Оторвав полоску тряпки, Скаидрис перетянул руку Соткен выше локтя, закрывая глубокую рану. Сработал инстинкт: раненая вытянула вперёд бинтуемую конечность, поработала пальцами, сжимая и разжимая кулак.
– Неа, – улыбнулся лив, – Вмазаться нечем, это не третий «Fallout», тут нет ни ментат, ни винта – будем пробиваться без допинга. Это хардкор, тётя. «Травма», запредельный уровень сложности. И перманентная смерть с фулл-лутом в нашем случае.
Висельники раскачивались на своих верёвках с унылым скрипом, узенький проулок завалило обезглавленными трупами, воняло, как в братской могиле.
– Вставай, – рука Скаидриса на ощупь напоминала дохлую лягушку.
Они снова двинулись вперёд. За балкой с повешенными улочка сворачивала и всё опять повторялось: угрюмый фахверк, распахнутые окна; в некоторых бушует сильный пожар, но пламя настолько тусклое, что не в силах осветить полумрак, висящий туманным полотном над проулками и дворами старинного города. Монотонная музыка стихла: Соткен слышались приглушенные голоса, детский смех, звуки плачущей скрипки, шорохи и женские стоны.
– Смотри, – кривушка потянула лива за рукав.
В трёх метрах от них, на мощёной мостовой, вновь расцвёл алый цветок огненной пентаграммы.
– Скай, – слабо прошелестела Соткен, – Ведь этого не может быть, это же бред какой-то. Мы не можем оказаться в долбаной виртуальной реальности.
– Можем, – отрезал лив.
– По крайней мере, здесь не должно быть больно – это же грёбаная игра, я так понимаю, – настаивала кривушка.
– Уже нет, – ухмыльнулся тру-метал, – Береги патроны, чудес не будет: надежды найти коломёт уже нет. Умирать здесь придётся по-настоящему – мучительно, страшно и нихера не быстро. Поэтому прекрати копаться в своём сознании: забудь про все эти «виртуальные реальности», «игры», про этот самый «бред какой-то» и просто постарайся выжить.
– Я не должна быть здесь, – процедила Соткен, – Это испытание приготовлено для тебя: это твой кошмар и твоя травма. Я здесь очутилась по чьей-то досадной ошибке.

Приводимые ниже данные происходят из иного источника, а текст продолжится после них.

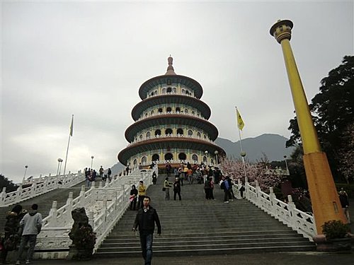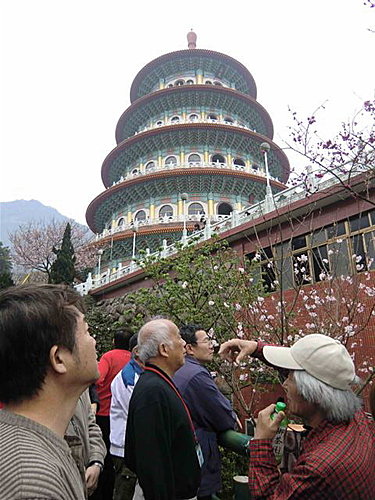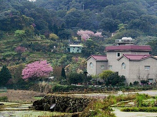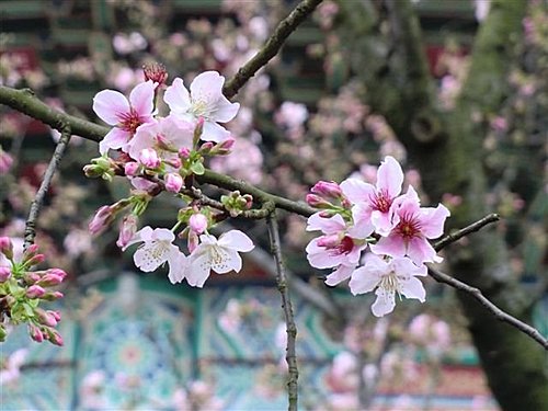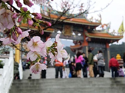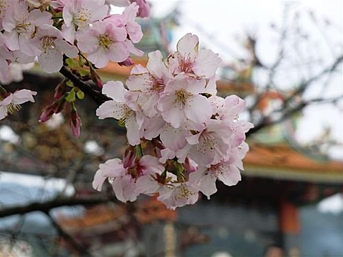 而台灣淡水無極天元宮的櫻花最特別之處,就是廟方以台灣原生山櫻花(緋寒櫻)為根本、再將日本染井吉野櫻架接其上,因此開出來的花就是淡淡粉粉的吉野櫻,幾乎是台灣最容易抵達的低海拔吉野櫻賞櫻區,而且數量高達上百棵,密度很高,粉粉櫻花配上天元宮的東方寺廟建築,可以展現類似日本、卻又帶著中國風的獨特風情。
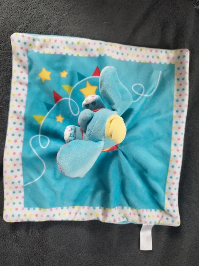 #awlbdoudou Peluche doudou plat Dumbo turquoise theme cirque étoiles multicolores Disney Nicotoy Très bon état étiquette lavage légèrement effacée voir photos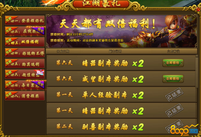 搜索"8090网页游戏"《热血江湖传》“江湖豪礼”活动
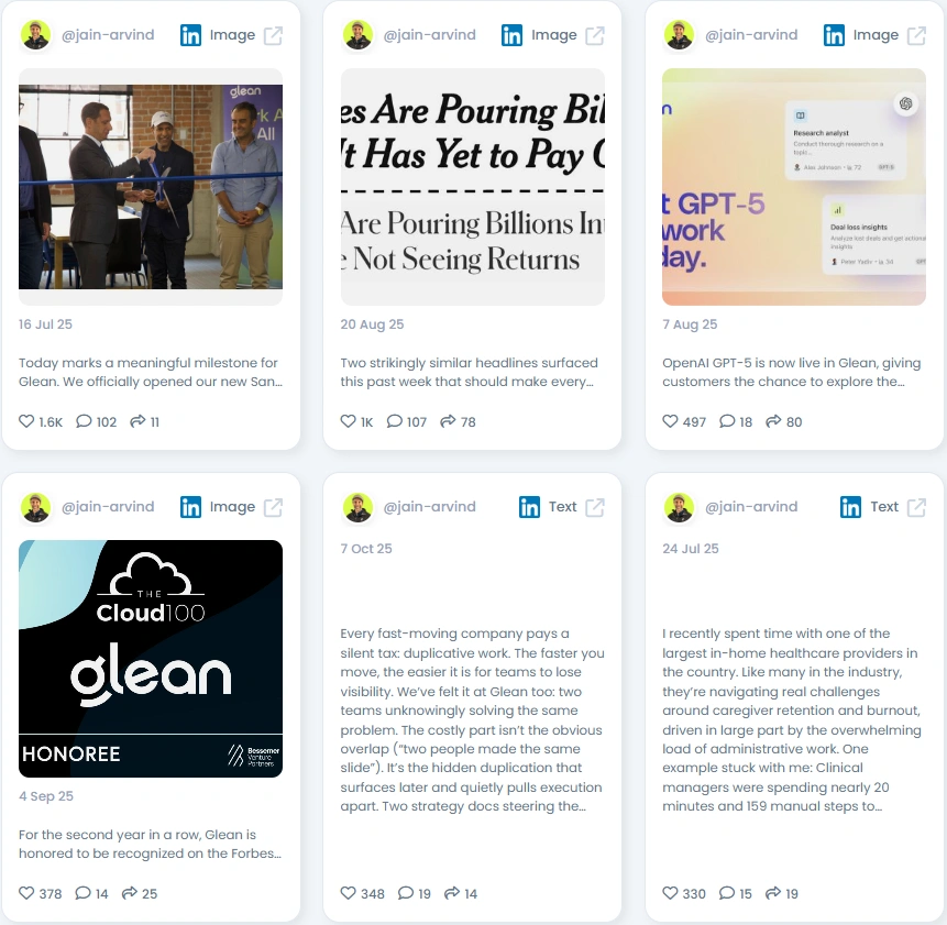 Arvind spotlights partnerships across the enterprise AI stack, from model providers and vector databases to customer IT teams. He amplifies Glean’s integrations and co-announcements with platforms like Databricks while celebrating customer wins in healthcare and services. He joins media features and conference stages to translate research into operations.

– Я никогда бы не ступил в пентаграмму, – парировал Скаидрис,– Возможно, ты послужила педалью сцепления: совместила зубцы моего сознания и этого мира; активировала ловушку, приготовленную мне, а дальше твоя судьба уже не имеет значения. Как тебе такой вариант?
Соткен сплюнула на землю. Лив кивнул:
– Никто не хочет думать о себе, как о наживке: все думают, что мир вертится вокруг их собственного эго. Пошли.
Он протянул ей руку. Соткен немного помедлила, а потом крепко сжала её.
Долговязый, длинноволосый парень в рваных кедах и кривоватая женщина в живописном этническом костюме, шагнули в пылающий круг алой пентаграммы. Оглушительно загрохотало, и за их спинами, прямо из средневековой брусчатки, снова вознёсся к хмурому свинцовому небу частокол толстенных остроконечных брёвен.
* * *
Топот марширующих ног стих, хор детских голосов взвился атональным воплем и затих. Факелы в руках прибывших потухли. Наступила тишина. Силуэты врагов скрывалазловещая мгла. Монакура заметил, как метнулась вверх рука предводительницы: порыв резкого ветра разорвал колдовской туман, окутывающий боевые порядки. Сержант сквада облизнул вмиг пересохшие губы:
– Ты видишь это, мелкая?
– Вижу, – прошептала Аглая, – Мёртвые дети... А с ними...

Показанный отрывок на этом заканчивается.